Critique : Cuerpo Celeste
- Dans son deuxième long-métrage, Nayra Ilic García propose un récit d'apprentissage calmement contenu, mais sincère, avec pour toile de fond la transition du Chili vers la démocratie

Cuerpo Celeste, le deuxième long-métrage de Nayra Ilic García, qui a fait sa première cette année dans la section Narrative Competition du Festival de Tribeca, est un récit d’apprentissage calme mais puissant qui se passe dans une ville côtière chilienne en 1990. Le film décrit le moment vulnérable de transition d’une toute jeune fille ainsi que de son pays, qui rééemerge alors de l’ombre de la dictature d'de Augusto Pinochet, brossant le tableau sincère et sobre d’un grand boulersement personnel.
Le récit tourne autour d’une fille de 15 ans appelée Celeste (Helen Mrugalski, pour la première fois à l’écran), qui passe le réveillon du Nouvel An à la plage avec sa famille et des amis, un moment qui représente l’espoir d’une nouvelle ère démocratique. L'idylle est vite brisée par un événement tragique qui cause chez sa mère une crise profonde et force Celeste à composer avec une réalité terriblement affectée par la tragédie. Près d'un an plus tard, pour voir une éclipse solaire, Celeste est de retour dans la même ville côtière et découvre que tout et tout le monde a changé.
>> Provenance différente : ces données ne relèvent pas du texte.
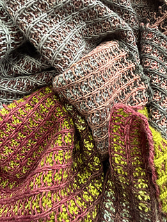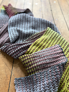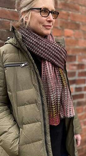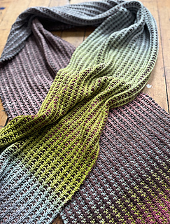 The pattern is worked with only knit and slip stitches, there are no purls, and yet you end up with a wonderful plump type of mock rib. It’s a joy to watch the color change on each face, and, after blocking, the reverse face really shows through on the other side, expanding the color dimensionality of the whole piece. In the end, you will have a luscious, long and extravagant scarf that is warm and cozy and yet lightweight, with beautiful drape.
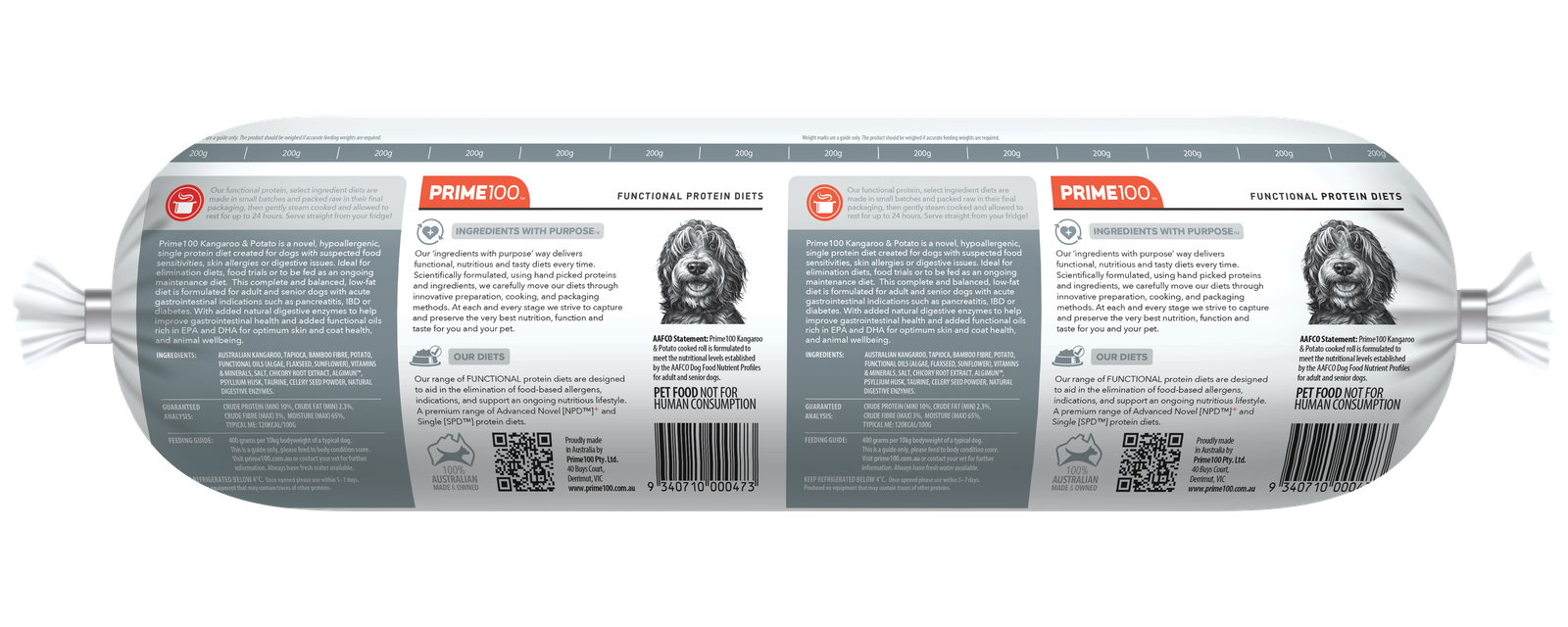 Prime100 SPD Kangaroo & Potato Fresh Dog Food Roll 2kg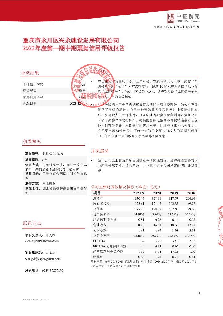 鹏元:重庆市永川区兴永建设发展有限公司2022年度第一期中期票据信用评级报告.pdf
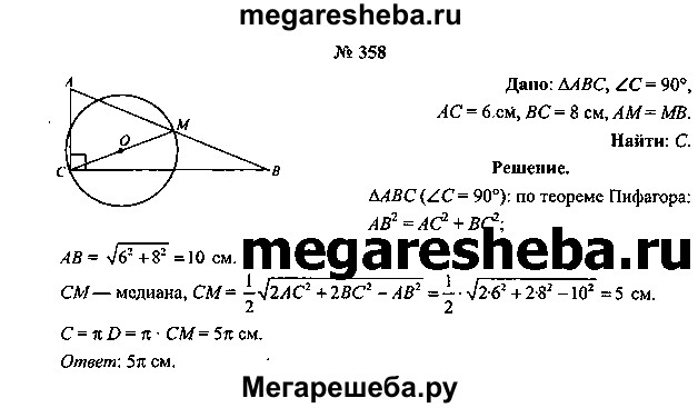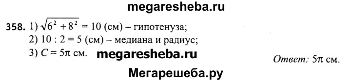 358. Длины катетов прямоугольного треугольника равны 6 см и 8 см. Вычислите длину окружности, диаметром которой является медиана, проведенная к гипотенузе.

Le tournant de l'intrigue survient à la 25e minute, vers la fin du premier acte, après quoi le ton change et les enjeux centraux du film apparaissent. Cependant, le rythme d’ensemble reste très modéré, d'une manière qui fait parfois trop délibérée. Ce tempo contenu accentue l’humeur introspective du film, mais risque de perdre les spectateurs qui préfèrent les récits plus dynamiques.
Sur le plan technique, Cuerpo Celeste a été fabriqué avec soin, de manière très compétente. Le chef opérateur Sergio Armstrong opte pour une palette riche dominée par les couleurs ocre et les bruns chauds (qui se retrouve dans le sable, les lieux filmés et les costumes) qui nous ancre très concrètement dans un temps et un espace. Cette photographie met élégamment face à face les paysages naturels de la côte chilienne et le paysage émotionnel des personnages. Le design sonore de David Tarantino, précis et délicat, se fond de manière très fluide dans le bruit constant des vagues battant la côte, qui devient presque une présence à part entière.
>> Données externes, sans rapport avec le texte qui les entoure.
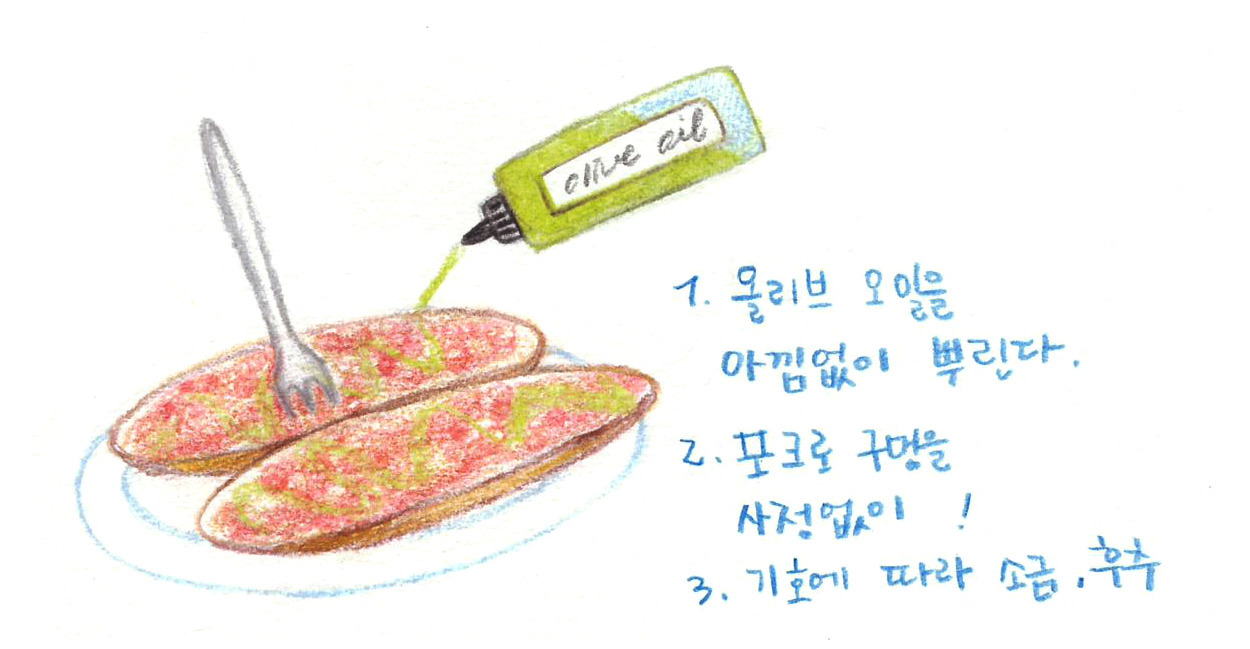 올리브 오일을 거침없이 뿌린 토스트를 포크로 사정없이 콕콕콕 찍어서 빵이 그 구멍들을 통해 오일을 쫘악 흡수하도록 해 주는 것.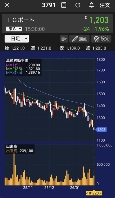 何度も上げる振りしてさらなる下落していくIGポート。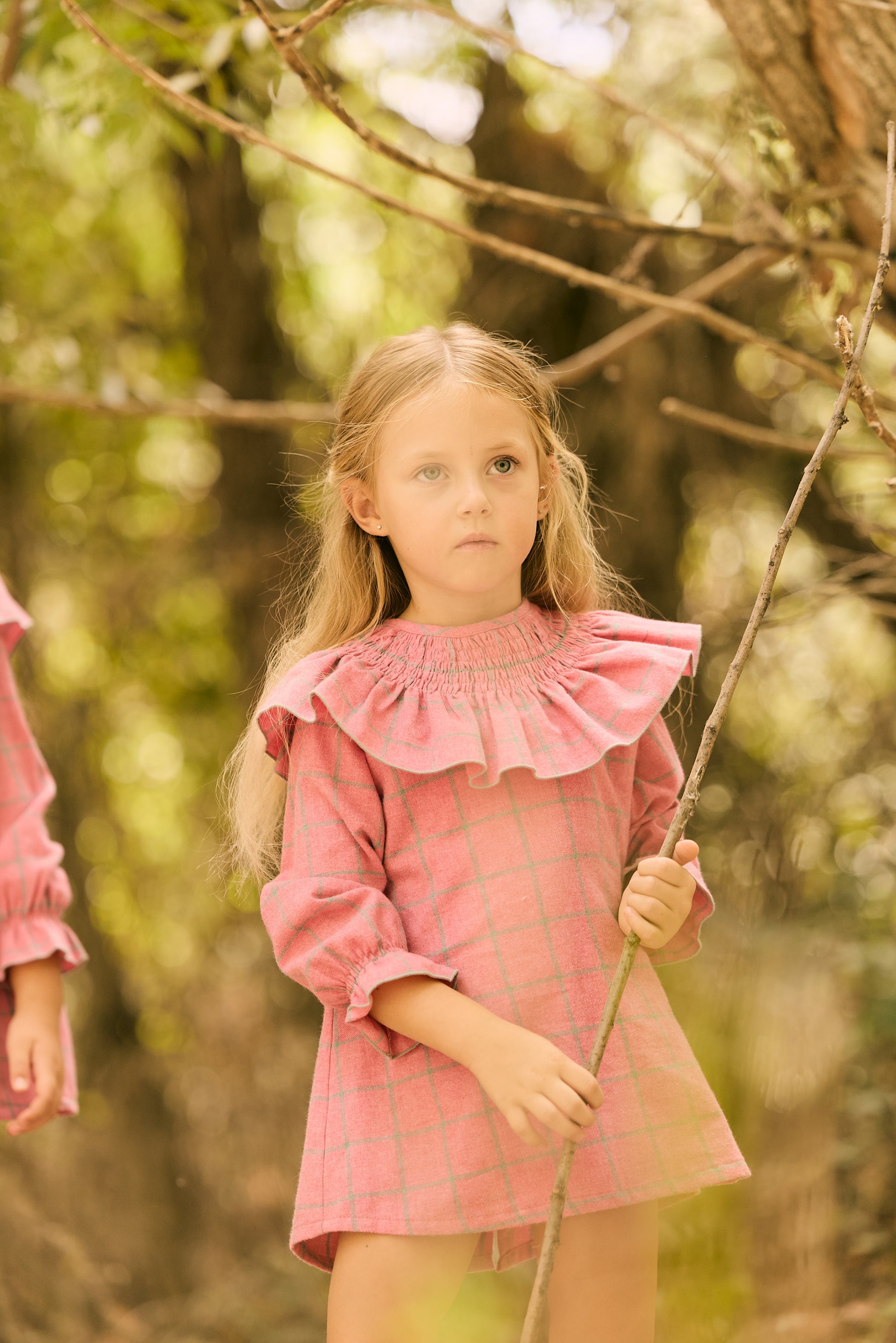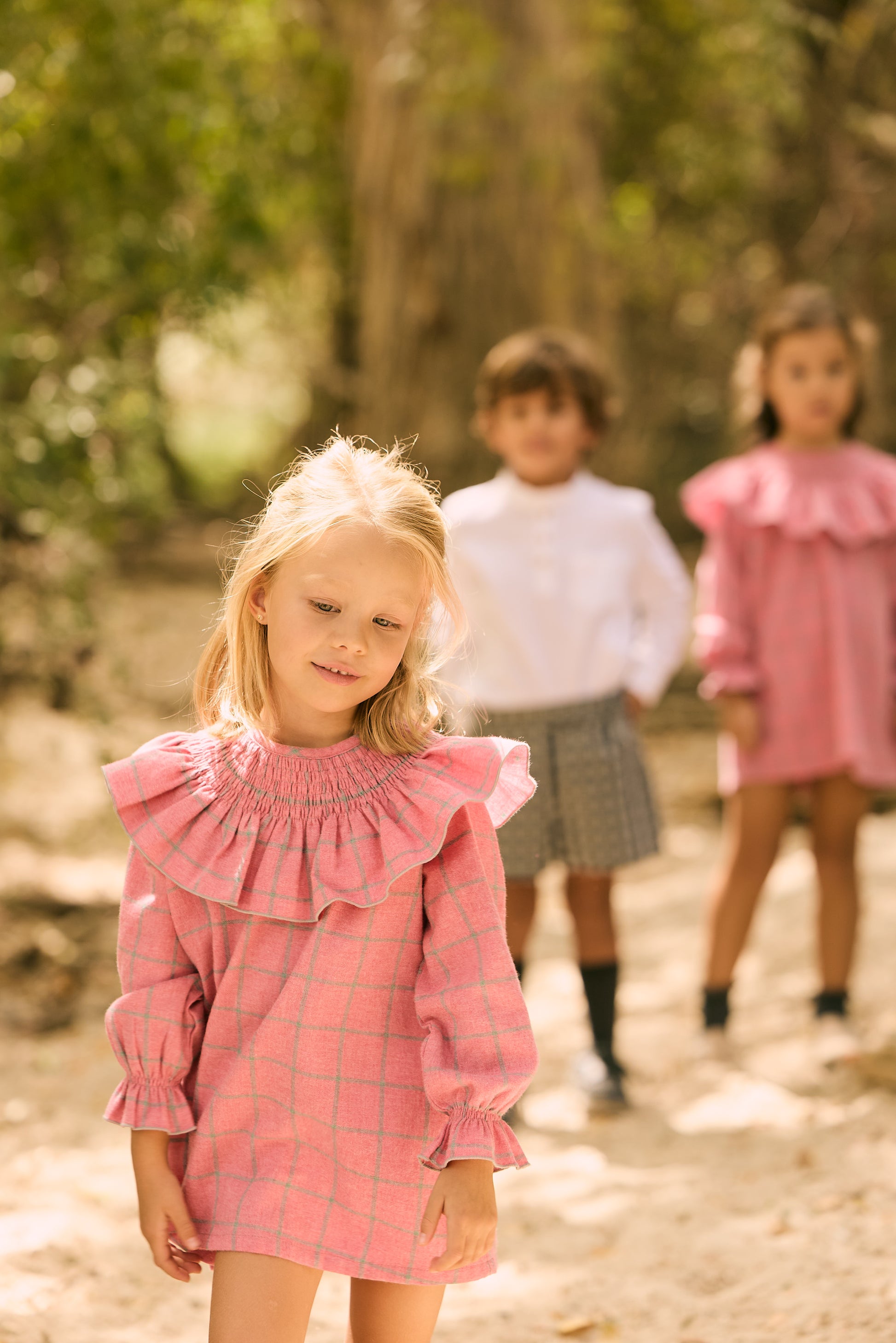 Precioso vestido con un diseño moderno y elegante, cuidando los detalles en el precioso cuello engomado, el tejido es una franela.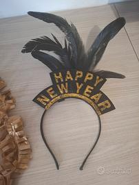 Comprende un elegante cerchietto “Happy New Year” con piume nere e due ghirlande dorate super luminose.

Tous les comédiens livrent des interprétatations solides, crédibles dans leur retenue. Les moments de solitude, de conflit et de colère (exprimés à travers des disputes chuchotées, des gifles occasionnelles et quelques éclats de voix) restent toujours réalistes et ne bifurquent jamais sur le terrain du mélodrame. Le travail de Mrugalski dans le rôle de Celeste est particulièrement impressionnant : elle arrive à dégager un mélange nuancé de fragilité et de force tranquille, sans jamais surjouer. Son interprétation renforce le noyau émotionnel du film subtilement et gracieusement.
Si Cuerpo Celeste est un film sincère tout du long, on note qu'il lui manque quelques moments de vraie créativité ou de prise de risques qui auraient pu l’élever au-delà du niveau de film "correctement" exécuté. L'esthétique de ce travail et son intrigue sont impeccables et soigneusement contenues, mais de fait, le film ne s’aventure jamais sur le territoire plus brut de l'imprévisible qui aurait pu le rendre vraiment mémorable.
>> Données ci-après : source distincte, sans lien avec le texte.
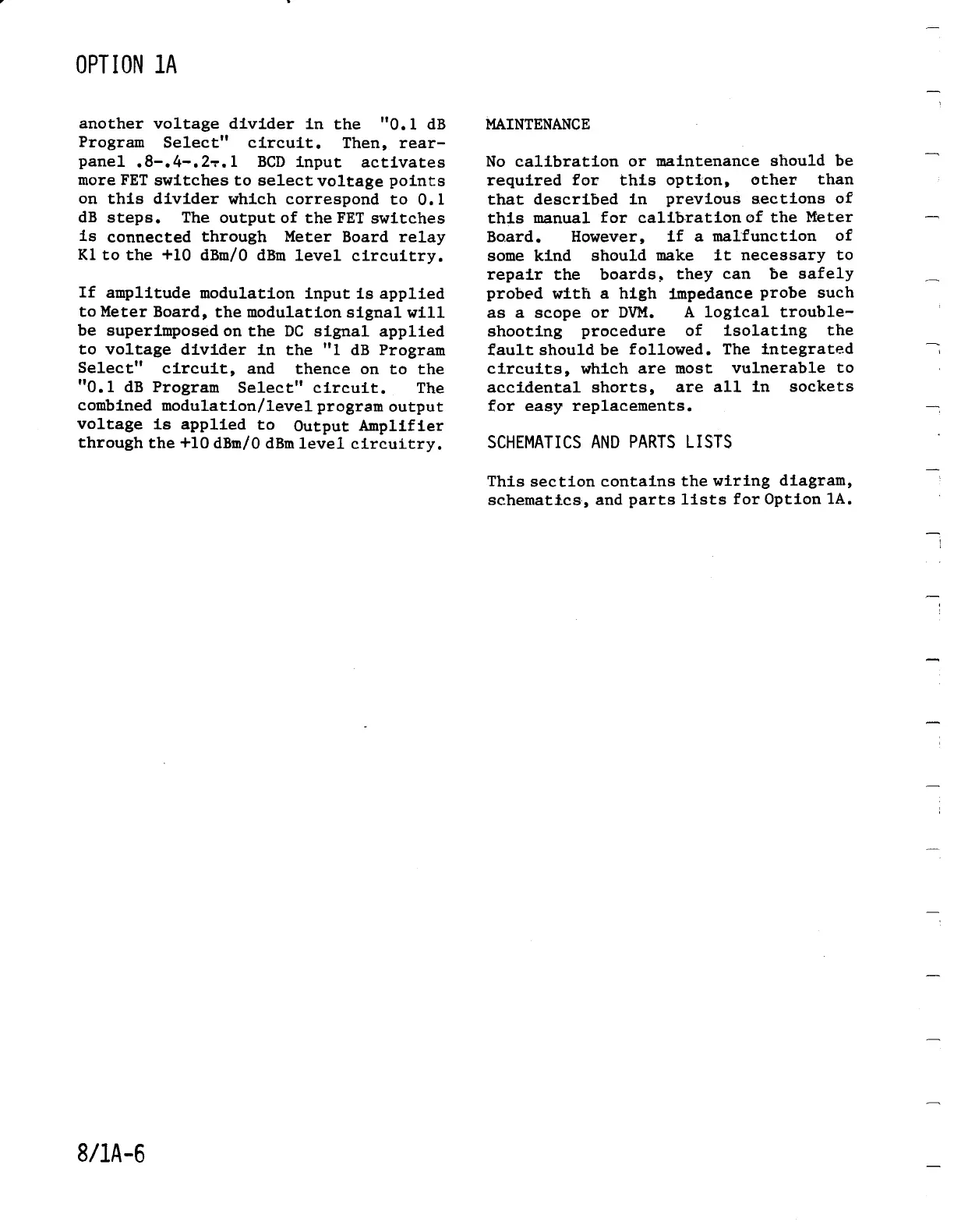 Wavetek 3000 - Option 1 A Maintenance; Option 1 A Schematics and Parts Lists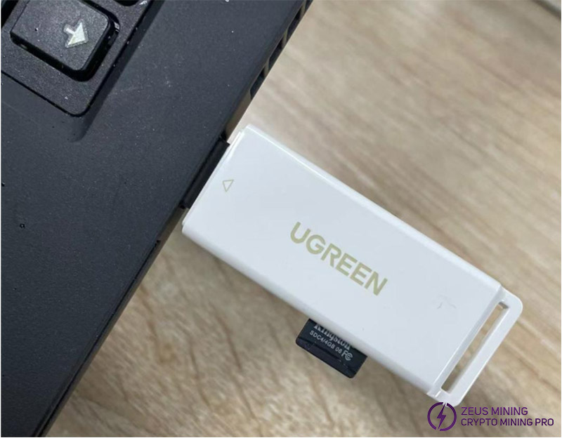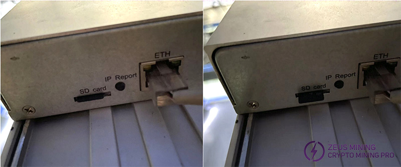 Power off the miner (unplug all power cables) and insert the TF card that has been made.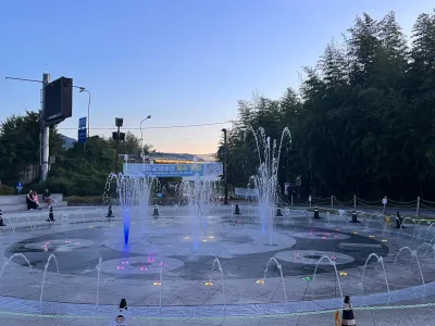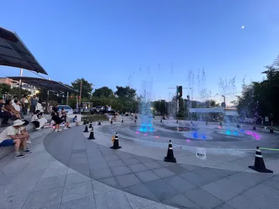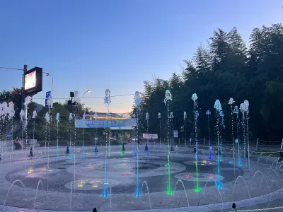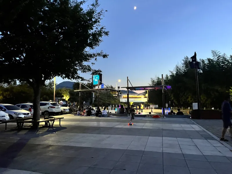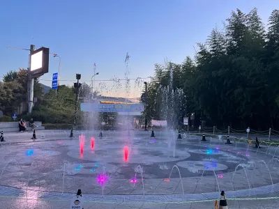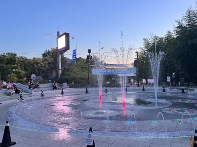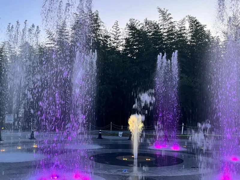 해가 지고 나서 7시 30분쯤 되면 분위기가 확 달라져요. 낮에는 아이들 놀이터였던 바닥분수가 화려한 음악 분수로 변신하거든요.

En revanche, il convient de dire que le contexte sociopolitique est intégré de manière naturelle dans le récit, sans que cela devienne trop invasif ou didactique. Le motif du récit d’apprentissage est manié délicatement et les clichés habituels sont évités, ce qui donne lieu à une exploration tendre et pleine de fraîcheur de l’adolescence, avec en toile de fond une renaissance nationale. L’utilisation de l’éclipse solaire comme figure narrative symbolique est efficace, car elle renvoie aux notions de changement, d'incertitude et de renouvellement.
En somme, Cuerpo Celeste est le tableau honnête et réussi d'une idylle pleine de jeunesse soudain court-circuitée, et des efforts faits pour se frayer un chemin nouveau dans un monde qui se cherche. L’histoire se conclut sur une résolution satisfaisante qui en souligne les grands thèmes sans pour autant recourir à des réponses faciles. Bien que le film ne soit pas révolutionnaire ou particulièrement sagace, la manière simple et sincère dont il raconte son histoire alliée à sa finesse technique et à l'interprétation remarquable de sa jeune comédienne principale en fait un deuxième long-métrage tout à fait honorable.
Cuerpo Celeste a été produit par les sociétés chiliennes Planta, Horamágica et Oro Films avec dispàrte (Italie). Les ventes internationales du film sont assurées par l'agence romaine Intramovies.